On the other hand, yes, I understand the contracts, and that the author promised the other books. (Maybe it would have been better if no word of the book had circulated until it was done/near done.) Of course- contracts can be broken - maybe I shouldn’t even mention that - imagine the fall out from *that* result.
Still torn. I’ve been fed up with this sense of entitlement people have. Being a supportive fan is all well and good, but demanding books really has no place. (I know this is slightly different because the book had been promised.) I also realize writing is extremely difficult and being blocked is horrible. Everyone has experienced being blocked in some form or another -and there does come a time to make a decision. Either suck it up and bust it out, or just let it go.
February 18th, 2008 at 12:26 pm
It’s easy to sit here and say I will never miss a deadline, I will never have writer’s block, I will never… I will never… But the truth of the matter is, no one ever really knows what’s going to happen from one day to the next. What would have happened if my husband had died a year ago when he had a heart attack? Would I be writing? Don’t know. What will happen if he does die in the future from heart-related issues, or even an accident? Don’t know that either. But I feel on a deeper level that my writing, no doubt, will be affected by that. I mean, whose wouldn’t? If you can honestly sit there and say, “Mine wouldn’t,” more power to you, but me, I write with the same emotional intensity that I live.
This post was about so much more than writer’s block and deadlines… Did anyone catch it? From the replies here, I see no one but Sarah coming close. What was my intent… NO ONE IS INFALLIBLE. NO ONE. You can say “It won’t happen to me” and think you’re strong enough to get past anything and be able to do your normal everyday routines every single day, but before you go and say with complete confidence, “NOT ME”… think about “WHAT IF” Because that “WHAT IF” could have a huge impact on the confident “NOT ME” that was iterated at one point or another.

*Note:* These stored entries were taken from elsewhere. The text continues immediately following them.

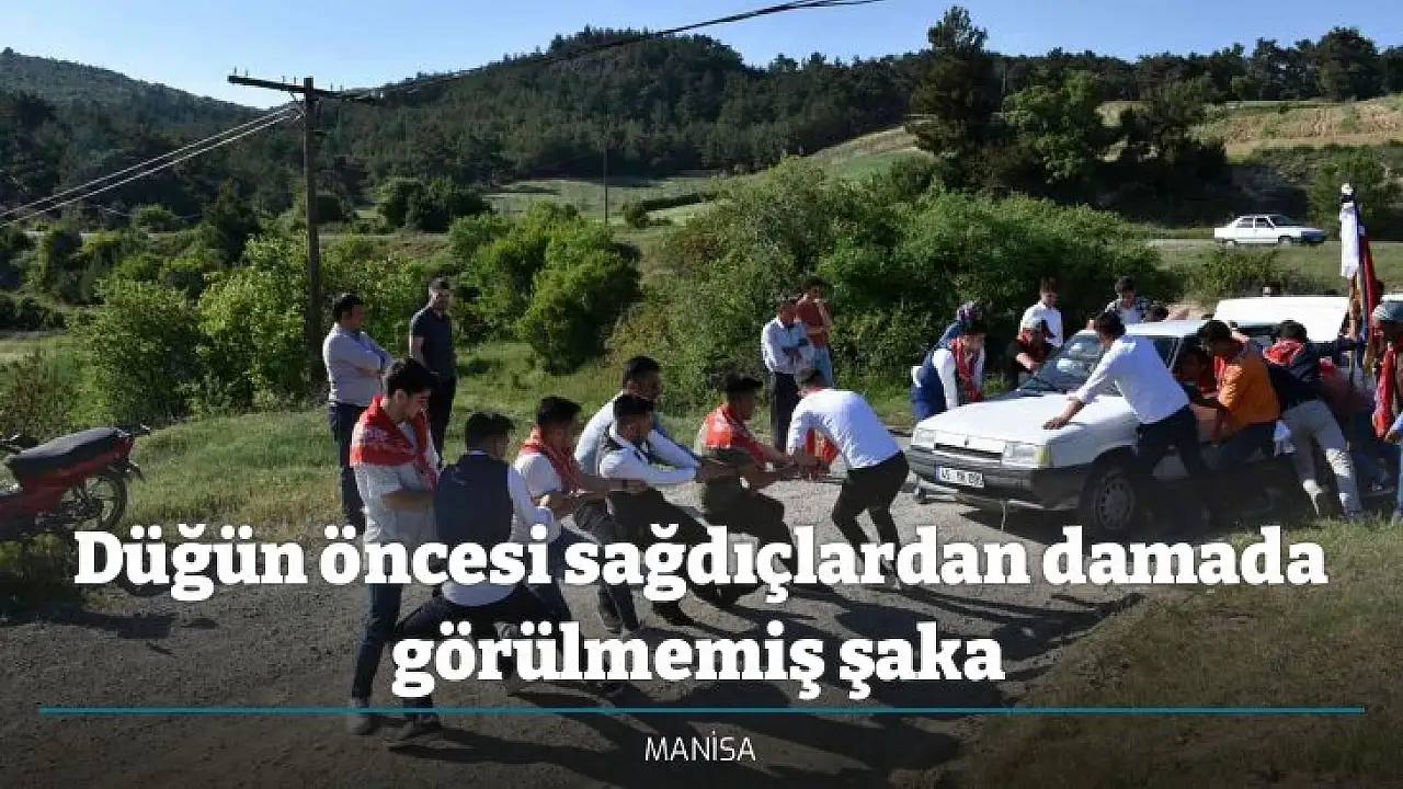 Manisa'nın Gördes ilçesine bağlı Kıran Mahallesi'nde sağdıçlar düğün öncesi damada görülmemiş bir şaka hazırladı. İple araba çeken damat, daha sonra baklava, ardından da acı biber yedi. Bir de üstüne suyla ıslatılan damat Mehmet Arslantaş, Yandım. Düğün zor iş diyerek arkadaşlarına sitem etti.
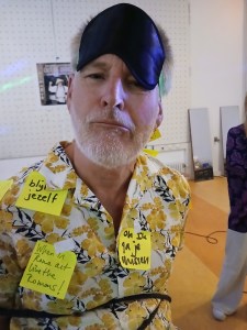 Cor wil altijd heeeeeeeeeeel graag de controle houden, dus bonden we hem eens echt stevig vast op de stoel, zijn handen in ijzeren handboeien – kindermaat, dus het viel niet mee om die aan te krijgen en aan te houden vooral – en een blinddoek om. Hij lachte wel, maar zijn lichaam rilde. We trokken het touw nog even wat steviger aan. Koud zweet brak uit en de lach werd een verbeten grijns.
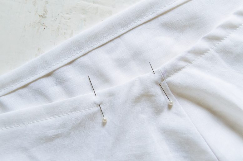 Finish the top raw edge by doing a rolled hem, but leave an 2.5 cm (1 inch) opening for threading in the elastic later on.
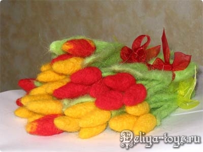Очень интересно, и весьма необычно выглядят сваленные цветы из шерсти.
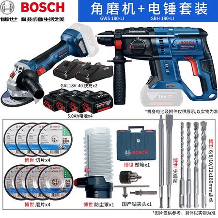 Отбойный молоток Bosch GBH180-Li + Угловая шлифовальная машина Bosch GWS180, четыре аккумулятора 5.0Ah, два зарядных устройства
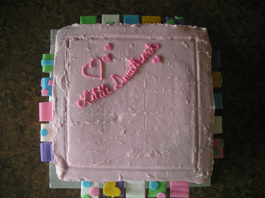 I made this cake for the girl next door who is obsessed with her taggies blanket. The cake is iced in buttercream and the tags are made out of fondant

Because no one is infallible, we do the best we can. Sometimes it’s not good enough, other times we achieve much more than we set out to achieve. But don’t condemn those who can’t meet their “goals” to eternal purgatory. You never know the circumstances.
February 18th, 2008 at 1:02 pm
Of course, no one actually said any of those things, Marissa. No one denies writers are human and infallable. But outside of extenuating circumstances, you get the damned job done. If you allow negative feedback to derail you, if you allow those doubts to consume you, the doubters win. Also, you don’t know the circumstances - not anyone who’s responded here.
I don’t have a “pretty bow” on my life. Nor do most people. What you have is your life. You can make it what you want. Sometimes it takes longer than you think, sometimes it has to happen through another method, but reality is reality.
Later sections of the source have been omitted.